Text Generation Inference (TGI) is a toolkit for deploying and serving Large Language Models (LLMs). TGI enables high-performance text generation for the most popular open-source LLMs, including Llama, Falcon, StarCoder, BLOOM, GPT-NeoX, and [more](https://huggingface.co/docs/text-generation-inference/supported_models). TGI implements many features, such as:

- Simple launcher to serve most popular LLMs
- Production ready (distributed tracing with Open Telemetry, Prometheus metrics)
- Tensor Parallelism for faster inference on multiple GPUs
- Token streaming using Server-Sent Events (SSE)
- Continuous batching of incoming requests for increased total throughput
- [Messages API](https://huggingface.co/docs/text-generation-inference/en/messages_api) compatible with Open AI Chat Completion API
- Optimized transformers code for inference using [Flash Attention](https://github.com/HazyResearch/flash-attention) and [Paged Attention](https://github.com/vllm-project/vllm) on the most popular architectures
- Quantization with :
- [bitsandbytes](https://github.com/TimDettmers/bitsandbytes)
- [GPT-Q](https://arxiv.org/abs/2210.17323)
- [EETQ](https://github.com/NetEase-FuXi/EETQ)
- [AWQ](https://github.com/casper-hansen/AutoAWQ)
- [Marlin](https://github.com/IST-DASLab/marlin)
- [fp8](https://developer.nvidia.com/blog/nvidia-arm-and-intel-publish-fp8-specification-for-standardization-as-an-interchange-format-for-ai/)
- [Safetensors](https://github.com/huggingface/safetensors) weight loading
- Watermarking with [A Watermark for Large Language Models](https://arxiv.org/abs/2301.10226)
- Logits warper (temperature scaling, top-p, top-k, repetition penalty, more details see [transformers.LogitsProcessor](https://huggingface.co/docs/transformers/internal/generation_utils#transformers.LogitsProcessor))
- Stop sequences
- Log probabilities
- [Speculation](https://huggingface.co/docs/text-generation-inference/conceptual/speculation) ~2x latency
- [Guidance/JSON](https://huggingface.co/docs/text-generation-inference/conceptual/guidance).
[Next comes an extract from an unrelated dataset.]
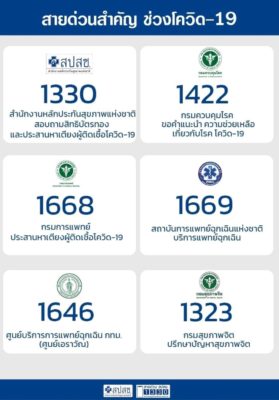 📌นอกจากเบอร์สายด่วนเหล่านี้แล้ว หากมีข้อสงสัยเพิ่มเติมเกี่ยวกับวิธีการป้องกันและการปฏิบัติตัวให้รอดพ้นจาก COVID-19

Specify output format to speed up inference and make sure the output is valid according to some specs..
- Custom Prompt Generation: Easily generate text by providing custom prompts to guide the model's output
- Fine-tuning Support: Utilize fine-tuned models for specific tasks to achieve higher accuracy and performance

### Hardware support

- [Nvidia](https://github.com/huggingface/text-generation-inference/pkgs/container/text-generation-inference)
- [AMD](https://github.com/huggingface/text-generation-inference/pkgs/container/text-generation-inference) (-rocm)
- [Inferentia](https://github.com/huggingface/optimum-neuron/tree/main/text-generation-inference)
- [Intel GPU](https://github.com/huggingface/text-generation-inference/pull/1475)
- [Gaudi](https://github.com/huggingface/tgi-gaudi)
- [Google TPU](https://huggingface.co/docs/optimum-tpu/howto/serving)

## Get Started

### Docker

For a detailed starting guide, please see the [Quick Tour](https://huggingface.co/docs/text-generation-inference/quicktour). The easiest way of getting started is using the official Docker container:

```shell
model=HuggingFaceH4/zephyr-7b-beta
# share a volume with the Docker container to avoid downloading weights every run
volume=$PWD/data

docker run --gpus all --shm-size 1g -p 8080:80 -v $volume:/data \
ghcr.io/huggingface/text-generation-inference:3.2.3 --model-id $model
```

And then you can make requests like

```bash
curl 127.0.0.1:8080/generate_stream \
-X POST \
-d '{"inputs":"What is Deep Learning?","parameters":{"max_new_tokens":20}}' \
-H 'Content-Type: application/json'
```

You can also use [TGI's Messages API](https://huggingface.co/docs/text-generation-inference/en/messages_api) to obtain Open AI Chat Completion API compatible responses.

```bash
curl localhost:8080/v1/chat/completions \
-X POST \
-d '{
"model": "tgi",
"messages": [
{
"role": "system",
"content": "You are a helpful assistant."
},
{
"role": "user",
"content": "What is deep learning?"
}
],
"stream": true,
"max_tokens": 20
}' \
-H 'Content-Type: application/json'
```

**Note:** To use NVIDIA GPUs, you need to install the [NVIDIA Container Toolkit](https://docs.nvidia.com/datacenter/cloud-native/container-toolkit/install-guide.html). We also recommend using NVIDIA drivers with CUDA version 12.2 or higher. For running the Docker container on a machine with no GPUs or CUDA support, it is enough to remove the `--gpus all` flag and add `--disable-custom-kernels`, please note CPU is not the intended platform for this project, so performance might be subpar.

**Note:** TGI supports AMD Instinct MI210 and MI250 GPUs. Details can be found in the [Supported Hardware documentation](https://huggingface.co/docs/text-generation-inference/installation_amd#using-tgi-with-amd-gpus). To use AMD GPUs, please use `docker run --device /dev/kfd --device /dev/dri --shm-size 1g -p 8080:80 -v $volume:/data ghcr.io/huggingface/text-generation-inference:3.2.3-rocm --model-id $model` instead of the command above.

To see all options to serve your models (in the [code](https://github.com/huggingface/text-generation-inference/blob/main/launcher/src/main.rs) or in the cli):
```
text-generation-launcher --help
```

### API documentation

You can consult the OpenAPI documentation of the `text-generation-inference` REST API using the `/docs` route.
The Swagger UI is also available at: [https://huggingface.github.io/text-generation-inference](https://huggingface.github.io/text-generation-inference).

### Using a private or gated model

You have the option to utilize the `HF_TOKEN` environment variable for configuring the token employed by
`text-generation-inference`. This allows you to gain access to protected resources.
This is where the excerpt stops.